### TASK TO COMPLETE
Please, from the entries below, transcribe exactly the lines that begin at the line with "Az 1956. december" and end at the line with "Overshirt by Xacus", without the pictures.

### DATA RECORDS

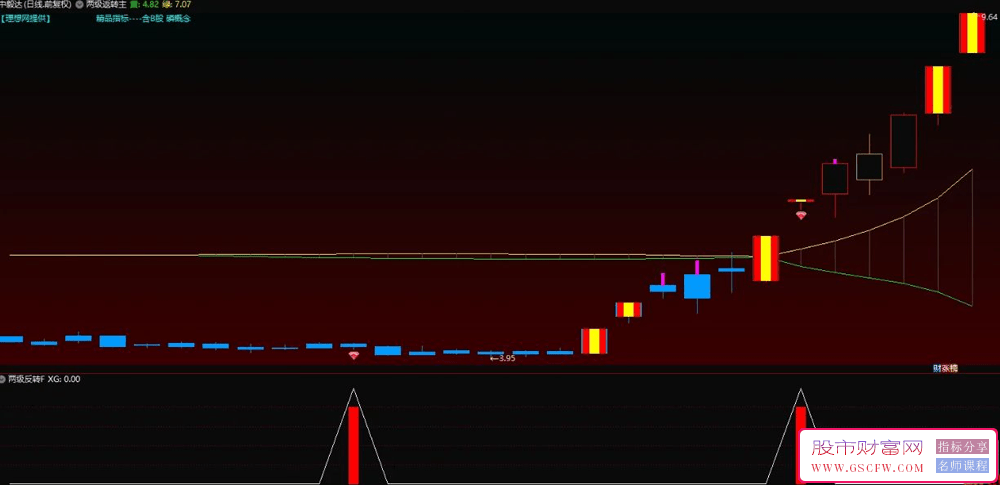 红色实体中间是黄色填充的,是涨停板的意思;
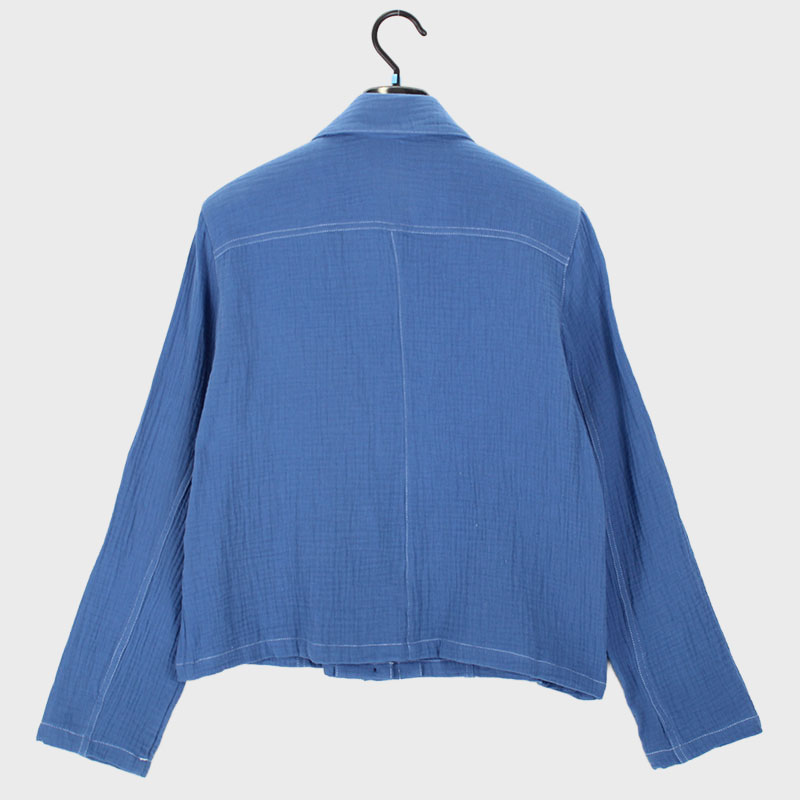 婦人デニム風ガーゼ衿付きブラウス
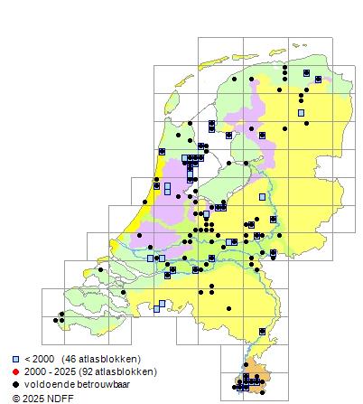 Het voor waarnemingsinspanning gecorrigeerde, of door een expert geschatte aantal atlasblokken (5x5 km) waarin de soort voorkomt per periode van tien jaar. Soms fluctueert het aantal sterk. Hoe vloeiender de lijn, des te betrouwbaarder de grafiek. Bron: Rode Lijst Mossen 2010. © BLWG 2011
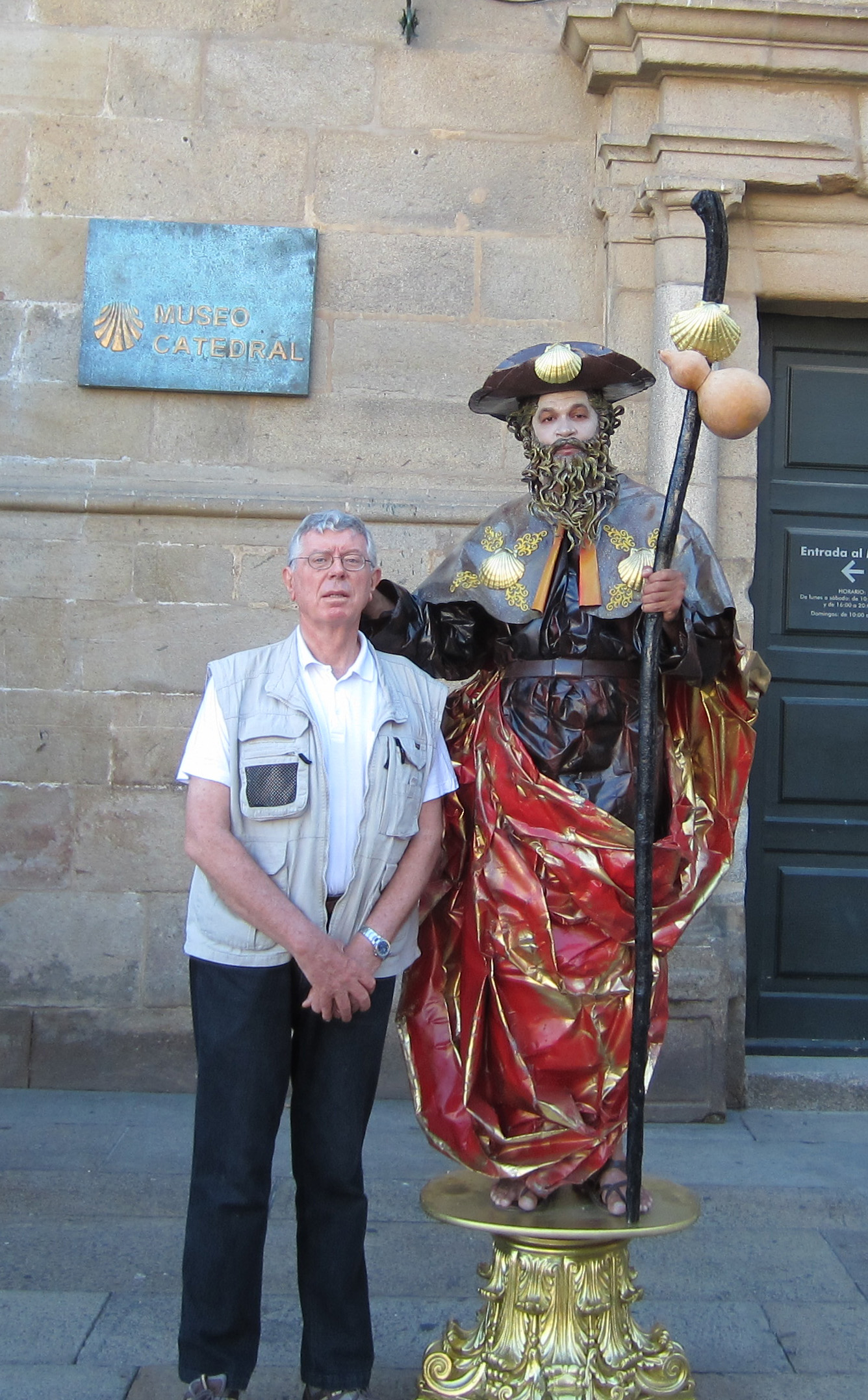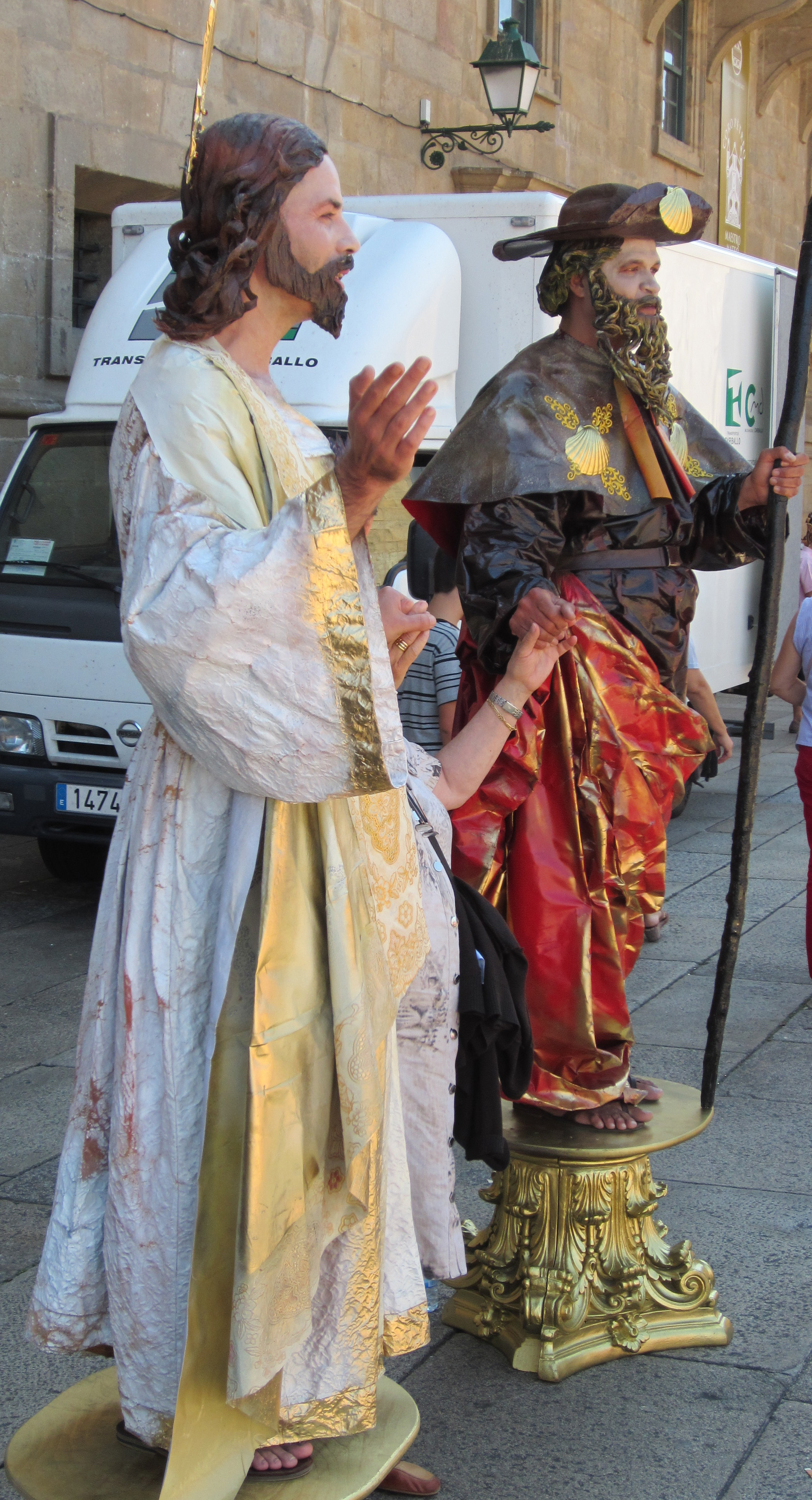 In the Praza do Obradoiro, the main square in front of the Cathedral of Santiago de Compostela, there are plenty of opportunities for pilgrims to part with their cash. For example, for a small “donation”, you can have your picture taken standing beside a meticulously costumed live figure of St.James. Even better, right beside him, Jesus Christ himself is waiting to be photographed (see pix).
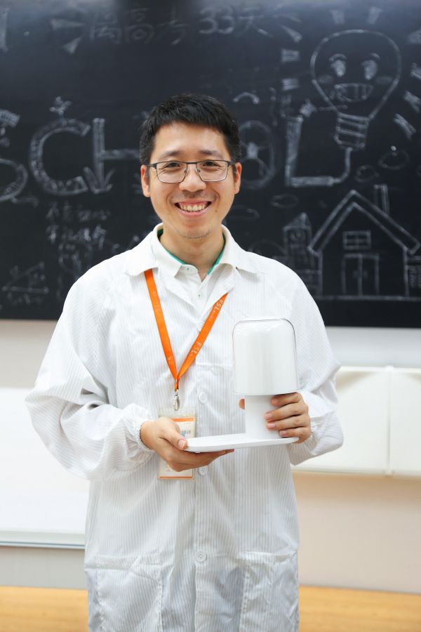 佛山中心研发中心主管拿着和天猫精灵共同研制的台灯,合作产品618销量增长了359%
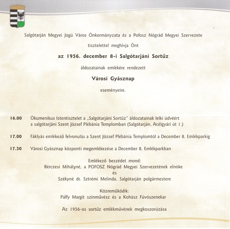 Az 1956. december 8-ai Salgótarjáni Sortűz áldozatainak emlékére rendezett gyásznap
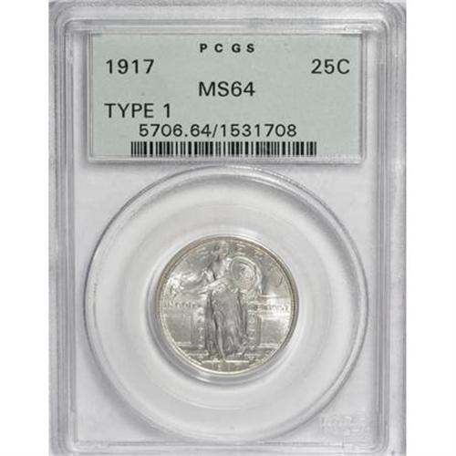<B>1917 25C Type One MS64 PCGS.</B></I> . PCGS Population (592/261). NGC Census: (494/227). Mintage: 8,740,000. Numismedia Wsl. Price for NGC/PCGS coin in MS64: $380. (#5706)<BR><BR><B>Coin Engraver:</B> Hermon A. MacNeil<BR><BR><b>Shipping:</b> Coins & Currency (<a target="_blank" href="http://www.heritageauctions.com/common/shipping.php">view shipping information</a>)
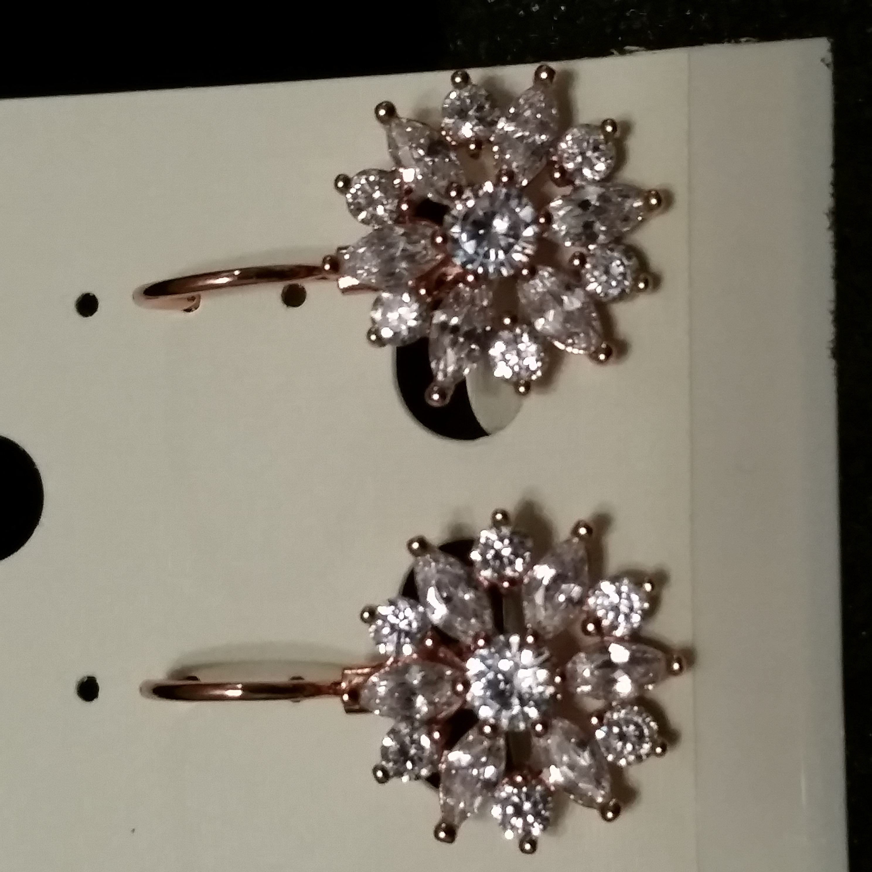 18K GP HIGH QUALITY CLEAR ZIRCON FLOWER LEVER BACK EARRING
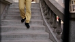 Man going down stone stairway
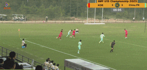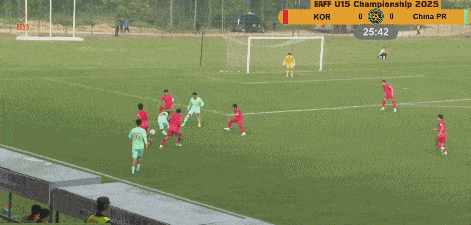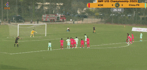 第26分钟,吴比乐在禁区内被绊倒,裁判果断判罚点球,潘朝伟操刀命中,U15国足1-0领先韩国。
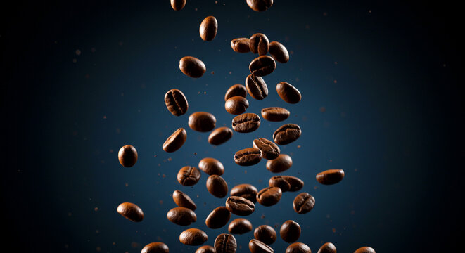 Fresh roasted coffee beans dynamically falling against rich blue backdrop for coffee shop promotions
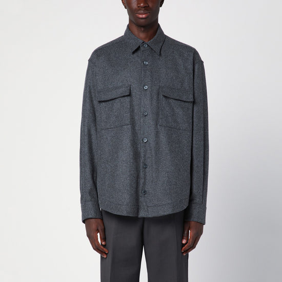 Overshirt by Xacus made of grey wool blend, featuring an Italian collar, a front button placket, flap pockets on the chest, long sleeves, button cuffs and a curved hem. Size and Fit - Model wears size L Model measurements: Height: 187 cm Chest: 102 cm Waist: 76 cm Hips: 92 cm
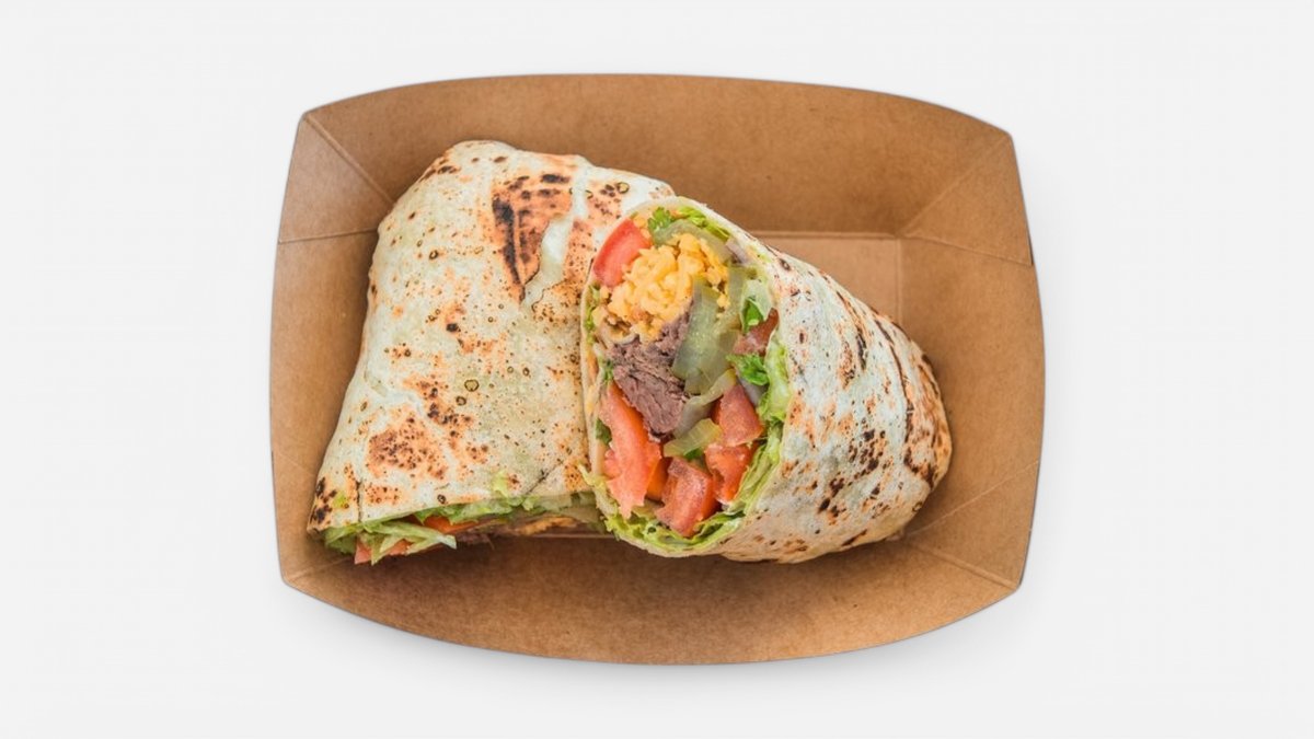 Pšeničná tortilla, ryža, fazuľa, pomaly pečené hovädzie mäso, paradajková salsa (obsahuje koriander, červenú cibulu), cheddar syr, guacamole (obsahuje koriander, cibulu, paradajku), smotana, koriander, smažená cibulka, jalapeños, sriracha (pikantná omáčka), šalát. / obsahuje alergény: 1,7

### FINISHED TASK
 Az 1956. december 8-ai Salgótarjáni Sortűz áldozatainak emlékére rendezett gyásznap
<B>1917 25C Type One MS64 PCGS.</B></I> . PCGS Population (592/261). NGC Census: (494/227). Mintage: 8,740,000. Numismedia Wsl. Price for NGC/PCGS coin in MS64: $380. (#5706)<BR><BR><B>Coin Engraver:</B> Hermon A. MacNeil<BR><BR><b>Shipping:</b> Coins & Currency (<a target="_blank" href="http://www.heritageauctions.com/common/shipping.php">view shipping information</a>)
 18K GP HIGH QUALITY CLEAR ZIRCON FLOWER LEVER BACK EARRING
 Man going down stone stairway
 第26分钟,吴比乐在禁区内被绊倒,裁判果断判罚点球,潘朝伟操刀命中,U15国足1-0领先韩国。
 Fresh roasted coffee beans dynamically falling against rich blue backdrop for coffee shop promotions
 Overshirt by Xacus made of grey wool blend, featuring an Italian collar, a front button placket, flap pockets on the chest, long sleeves, button cuffs and a curved hem. Size and Fit - Model wears size L Model measurements: Height: 187 cm Chest: 102 cm Waist: 76 cm Hips: 92 cm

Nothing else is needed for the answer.